> Task to carry out:
Please give back word for word the lines of the material below between the line containing "Semarang – Sebagai" and the line containing "Die Offset-Montage ermöglicht", inclusive.

Given records: Begin

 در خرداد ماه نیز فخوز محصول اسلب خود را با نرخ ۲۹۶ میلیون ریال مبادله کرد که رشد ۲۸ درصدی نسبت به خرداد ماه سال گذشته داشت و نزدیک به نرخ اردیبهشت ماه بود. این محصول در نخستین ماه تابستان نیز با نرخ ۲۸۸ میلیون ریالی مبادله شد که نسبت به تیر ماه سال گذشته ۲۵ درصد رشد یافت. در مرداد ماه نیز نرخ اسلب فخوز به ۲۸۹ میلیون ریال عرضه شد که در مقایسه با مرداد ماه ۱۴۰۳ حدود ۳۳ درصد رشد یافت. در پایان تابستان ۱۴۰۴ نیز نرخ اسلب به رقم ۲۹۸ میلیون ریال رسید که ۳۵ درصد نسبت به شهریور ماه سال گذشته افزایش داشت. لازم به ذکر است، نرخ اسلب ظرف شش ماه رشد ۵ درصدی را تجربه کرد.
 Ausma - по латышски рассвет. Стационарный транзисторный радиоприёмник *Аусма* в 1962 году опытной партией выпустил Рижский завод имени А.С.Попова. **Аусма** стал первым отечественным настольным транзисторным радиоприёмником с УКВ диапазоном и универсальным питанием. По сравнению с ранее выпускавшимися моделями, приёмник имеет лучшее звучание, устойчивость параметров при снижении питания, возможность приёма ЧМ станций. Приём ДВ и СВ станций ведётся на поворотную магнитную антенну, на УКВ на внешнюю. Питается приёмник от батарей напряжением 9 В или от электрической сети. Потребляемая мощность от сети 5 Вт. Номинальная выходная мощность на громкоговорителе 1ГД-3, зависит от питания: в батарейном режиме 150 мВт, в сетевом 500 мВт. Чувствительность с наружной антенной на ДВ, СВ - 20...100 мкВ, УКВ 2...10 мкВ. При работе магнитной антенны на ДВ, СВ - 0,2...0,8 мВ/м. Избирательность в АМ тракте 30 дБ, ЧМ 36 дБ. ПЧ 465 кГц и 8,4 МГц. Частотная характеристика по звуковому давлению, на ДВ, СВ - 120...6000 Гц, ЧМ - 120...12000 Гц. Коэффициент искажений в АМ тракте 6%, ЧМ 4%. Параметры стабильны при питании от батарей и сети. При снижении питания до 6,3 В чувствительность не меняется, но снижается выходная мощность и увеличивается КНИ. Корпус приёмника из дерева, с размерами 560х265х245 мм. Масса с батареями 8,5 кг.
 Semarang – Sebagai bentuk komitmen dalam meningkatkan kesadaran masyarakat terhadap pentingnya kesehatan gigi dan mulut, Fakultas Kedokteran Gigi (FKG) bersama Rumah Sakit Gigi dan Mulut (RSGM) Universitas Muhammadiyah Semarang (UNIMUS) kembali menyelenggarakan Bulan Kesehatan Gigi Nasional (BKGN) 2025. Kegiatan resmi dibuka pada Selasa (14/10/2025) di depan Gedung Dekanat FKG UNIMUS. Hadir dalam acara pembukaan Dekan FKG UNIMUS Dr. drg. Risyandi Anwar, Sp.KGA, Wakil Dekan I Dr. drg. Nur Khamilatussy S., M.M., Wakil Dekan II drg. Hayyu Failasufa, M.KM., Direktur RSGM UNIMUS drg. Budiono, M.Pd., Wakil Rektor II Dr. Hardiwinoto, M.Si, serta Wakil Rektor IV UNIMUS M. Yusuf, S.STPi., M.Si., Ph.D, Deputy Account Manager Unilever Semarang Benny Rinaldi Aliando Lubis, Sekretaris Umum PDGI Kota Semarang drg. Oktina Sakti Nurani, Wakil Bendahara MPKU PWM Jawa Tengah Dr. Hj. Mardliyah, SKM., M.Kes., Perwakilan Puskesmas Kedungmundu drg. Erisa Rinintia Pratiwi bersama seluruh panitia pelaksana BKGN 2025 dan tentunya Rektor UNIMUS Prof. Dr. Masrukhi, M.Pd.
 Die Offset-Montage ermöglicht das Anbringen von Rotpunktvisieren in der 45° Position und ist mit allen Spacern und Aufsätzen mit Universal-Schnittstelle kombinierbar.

Given records: End
Given records: Begin

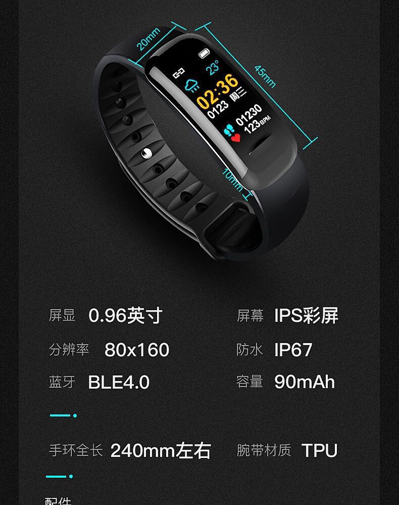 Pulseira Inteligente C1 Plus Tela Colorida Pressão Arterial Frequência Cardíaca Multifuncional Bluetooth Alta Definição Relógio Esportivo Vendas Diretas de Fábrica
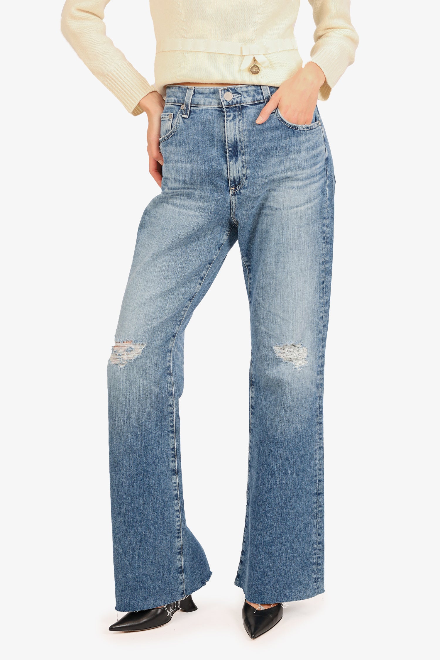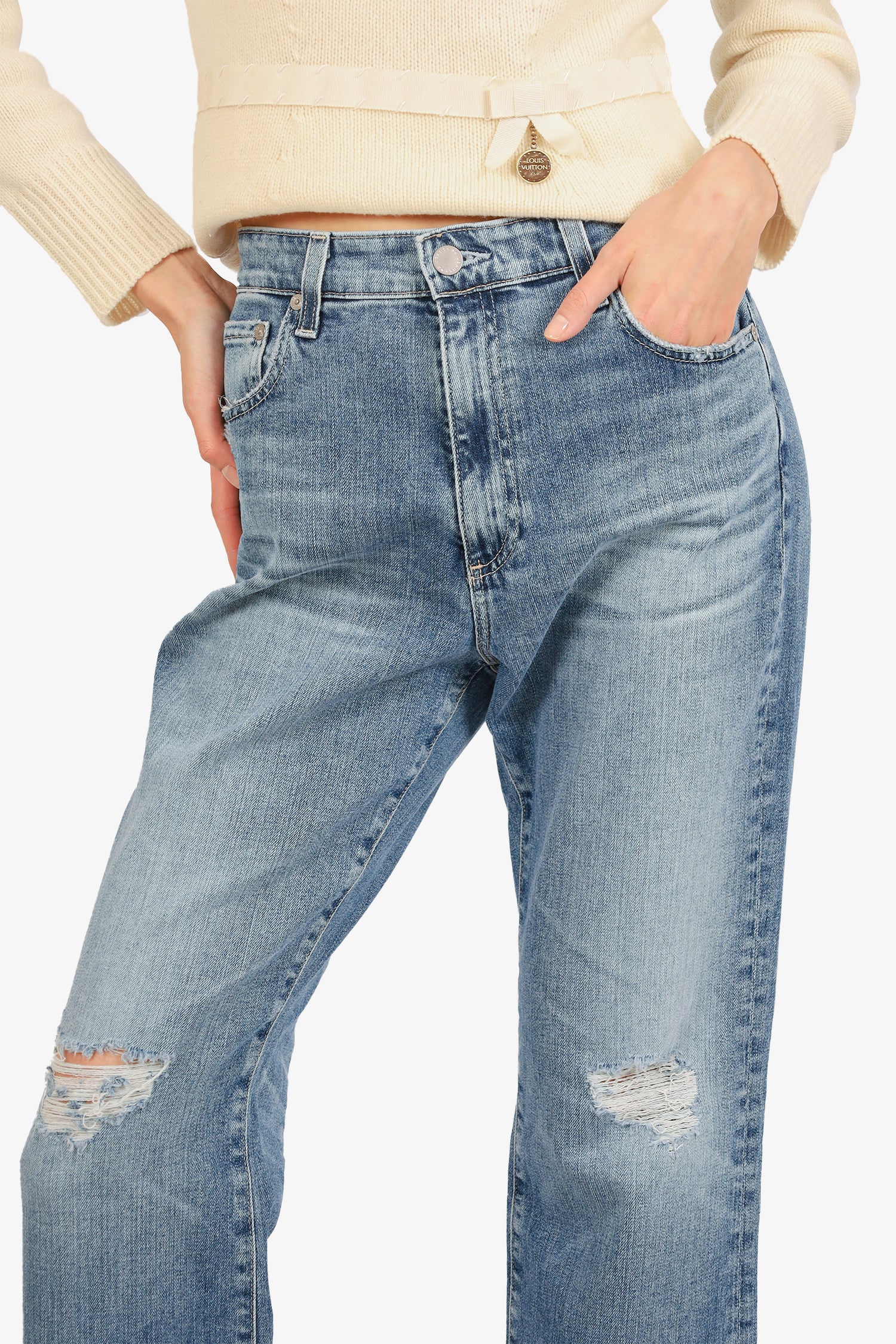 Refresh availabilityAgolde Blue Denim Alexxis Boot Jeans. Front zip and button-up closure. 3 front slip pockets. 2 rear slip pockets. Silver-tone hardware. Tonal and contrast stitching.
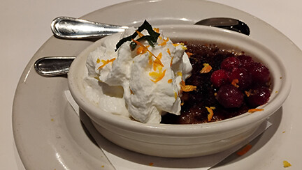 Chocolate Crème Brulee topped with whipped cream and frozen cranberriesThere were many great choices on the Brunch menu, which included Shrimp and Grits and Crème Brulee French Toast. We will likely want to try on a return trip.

Given records: End

> Result:
 Semarang – Sebagai bentuk komitmen dalam meningkatkan kesadaran masyarakat terhadap pentingnya kesehatan gigi dan mulut, Fakultas Kedokteran Gigi (FKG) bersama Rumah Sakit Gigi dan Mulut (RSGM) Universitas Muhammadiyah Semarang (UNIMUS) kembali menyelenggarakan Bulan Kesehatan Gigi Nasional (BKGN) 2025. Kegiatan resmi dibuka pada Selasa (14/10/2025) di depan Gedung Dekanat FKG UNIMUS. Hadir dalam acara pembukaan Dekan FKG UNIMUS Dr. drg. Risyandi Anwar, Sp.KGA, Wakil Dekan I Dr. drg. Nur Khamilatussy S., M.M., Wakil Dekan II drg. Hayyu Failasufa, M.KM., Direktur RSGM UNIMUS drg. Budiono, M.Pd., Wakil Rektor II Dr. Hardiwinoto, M.Si, serta Wakil Rektor IV UNIMUS M. Yusuf, S.STPi., M.Si., Ph.D, Deputy Account Manager Unilever Semarang Benny Rinaldi Aliando Lubis, Sekretaris Umum PDGI Kota Semarang drg. Oktina Sakti Nurani, Wakil Bendahara MPKU PWM Jawa Tengah Dr. Hj. Mardliyah, SKM., M.Kes., Perwakilan Puskesmas Kedungmundu drg. Erisa Rinintia Pratiwi bersama seluruh panitia pelaksana BKGN 2025 dan tentunya Rektor UNIMUS Prof. Dr. Masrukhi, M.Pd.
 Die Offset-Montage ermöglicht das Anbringen von Rotpunktvisieren in der 45° Position und ist mit allen Spacern und Aufsätzen mit Universal-Schnittstelle kombinierbar.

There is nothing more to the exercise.